Bo Andersen, President of the Video Software Dealers Association (VSDA), issued the following statement in response to today’s ruling by Federal District Judge Matthew F. Kennelly in Chicago that the state of Illinois’ recently enacted video game restriction law is unconstitutional:
Today’s ruling that the Illinois video game law is unconstitutional is as gratifying as it was predictable. Judge Kennelly’s decision clearly and effectively enumerates the numerous defects of the law. It is unfortunate that Governor Blagojevich and Illinois legislators, in their rush to enact this law, ignored the legal experts who pointed out these defects and warned that the law would be overturned as a violation of the First Amendment.

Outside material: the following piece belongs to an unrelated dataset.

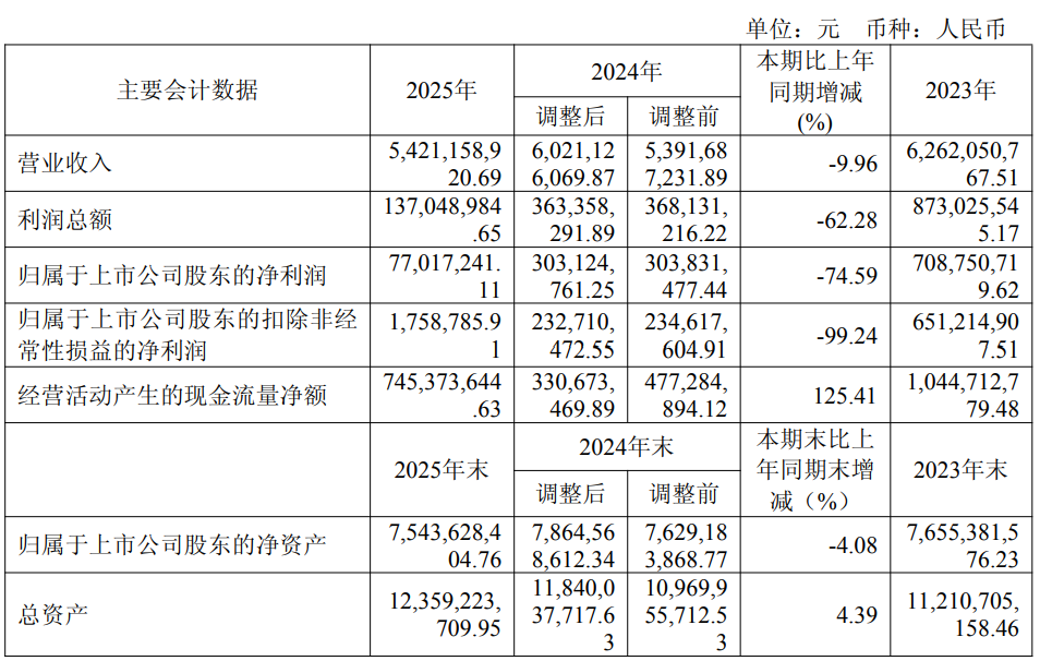 中证智能财讯雪天盐业(600929)4月21日披露2025年年度报告。2025年,公司实现营业总收入54.21亿元,同比下降9.96%;归母净利润7701.72万元,同比下降74.59%;扣非净利润175.88万元,同比下降99.24%;经营活动产生的现金流量净额为7.45亿元,同比增长125.41%;报告期内,雪天盐业基本每股收益为0.047元,加权平均净资产收益率为0.98%。公司2025年度分配预案为:拟向全体股东每10股派现0.15元(含税)。

VSDA has long suggested that, rather than utilizing limited government resources to pursue anti-video game legislation that is bound to be overturned, states could provide real assistance to parents by working with video game retailers and the video game industry to help educate parents about the existing video game rating system and to encourage parents to use those ratings to make informed decisions about which video games to allow in their homes. Now that a federal court has, for the second time in as many months and for the fifth time in four years, prevented a law that attempts to restrict video games from going into effect, we again invite the state of Illinois to work cooperatively with us to help parents chose the right video games for their families.

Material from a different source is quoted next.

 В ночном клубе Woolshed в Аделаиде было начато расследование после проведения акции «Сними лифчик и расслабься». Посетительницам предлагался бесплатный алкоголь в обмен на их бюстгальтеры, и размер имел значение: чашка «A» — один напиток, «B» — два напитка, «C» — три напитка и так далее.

The law that was overturned, Public Act 94-315, was championed by Illinois Governor Rod Blagojevich. It would have prohibited the sale or rental to persons under age 18 of computer and video games that include depictions or simulations of “human-on-human violence in which the player kills, seriously injures, or otherwise causes serious physical harm to another human.”
Under the law, covered games would have been labeled as restricted to persons age 18 or older, retailer POS scanner systems would have been required to prompt clerks to check the ID of the purchaser or renter of such games, and the use of self-service checkout mechanisms for the purchase or rental of the games would have been prohibited. The law also directed every Illinois video game retailer to post in its store signs informing customers that the video game rating system of the ESRB is available to aid in the selection of a game. The signs would have to be posted prominently where video games are displayed, at points of sale, and at any “information desk,” or within five feet of such areas. The law dictated the minimum dimensions of the signs and the type size and color. Violations of the act would have been classified as criminal offenses. The law was slated to go into effect on January 1, 2006.

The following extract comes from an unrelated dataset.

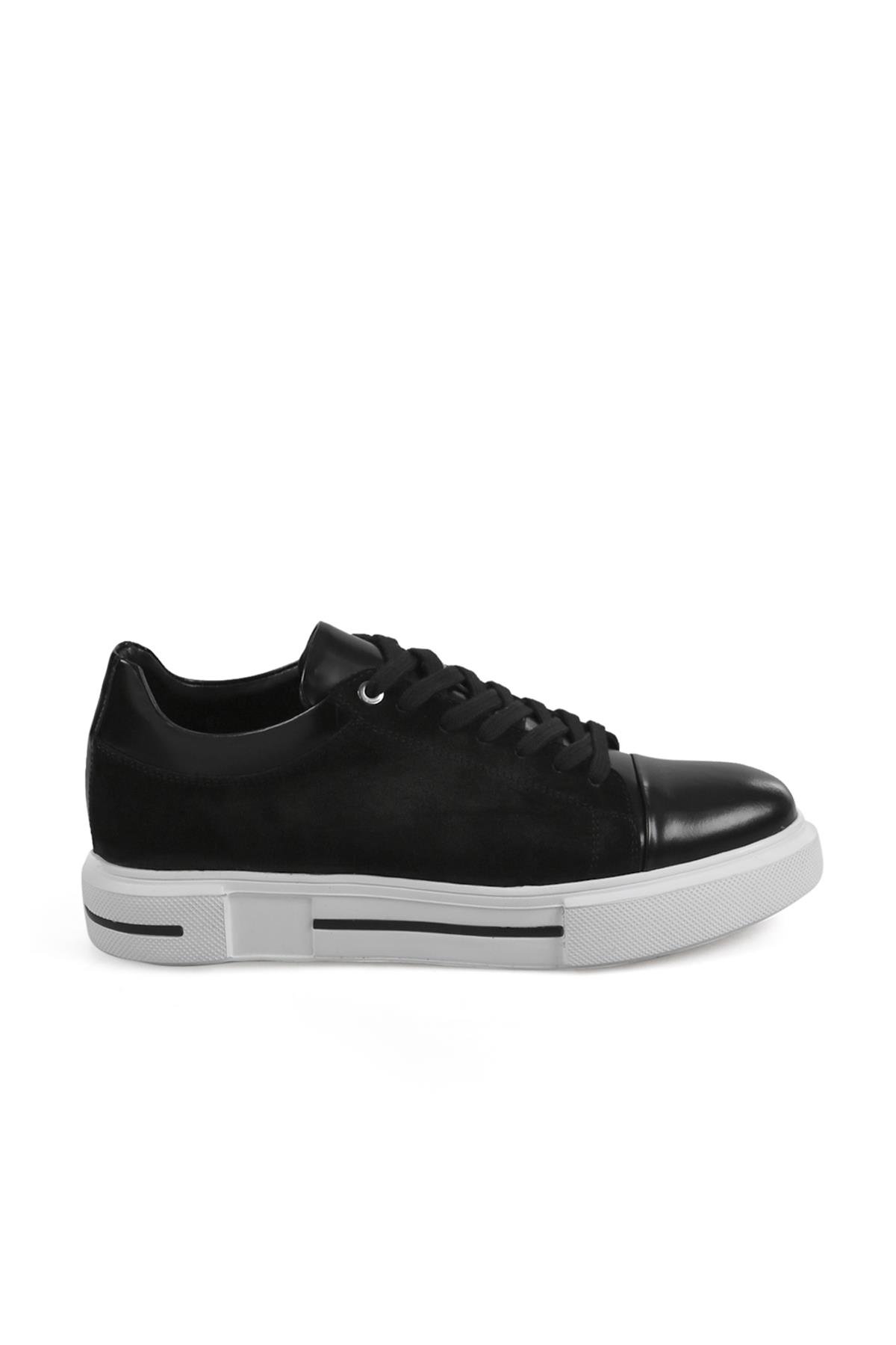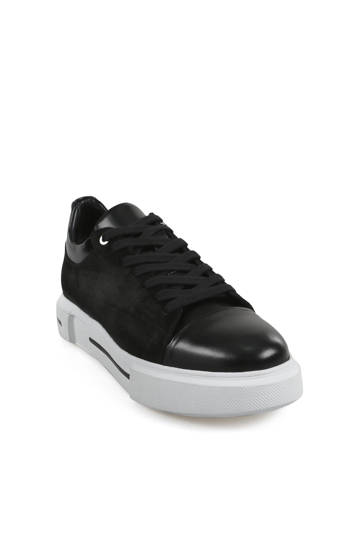 Siyah %100 Deri Havuzlu Taban Sneaker Ayakkabı

On July 25, 2005, the Entertainment Software Association, the Video Software Dealers Association, and the Illinois Retail Merchants Association filed a lawsuit challenging the law. The lawsuit alleged that the law violated the First Amendment guarantee of freedom of speech and that the language of the law was impermissibly vague. Federal district court judge Matthew F. Kennelly today agreed with the plaintiffs that the law is unconstitutional and issued an order permanently enjoining the law’s enforcement.
The judge’s opinion is available at http://www.ilnd.uscourts.gov/RACER2/recent_opinions.cfm?judge=Kennelly
Established in 1981, the Video Software Dealers Association (VSDA) is the not-for-profit international trade association for the $24 billion home entertainment industry. VSDA represents more than 1,000 companies throughout the United States, Canada, and other nations. Its members operate more than 11,500 retail outlets in the U.S. that sell and/or rent DVDs, VHS cassettes, and console video games. Membership comprises the full spectrum of video retailers (from single-store operators to large chains), video distributors, the home video divisions of major and independent motion picture studios, and other related businesses that constitute and support the home video entertainment industry.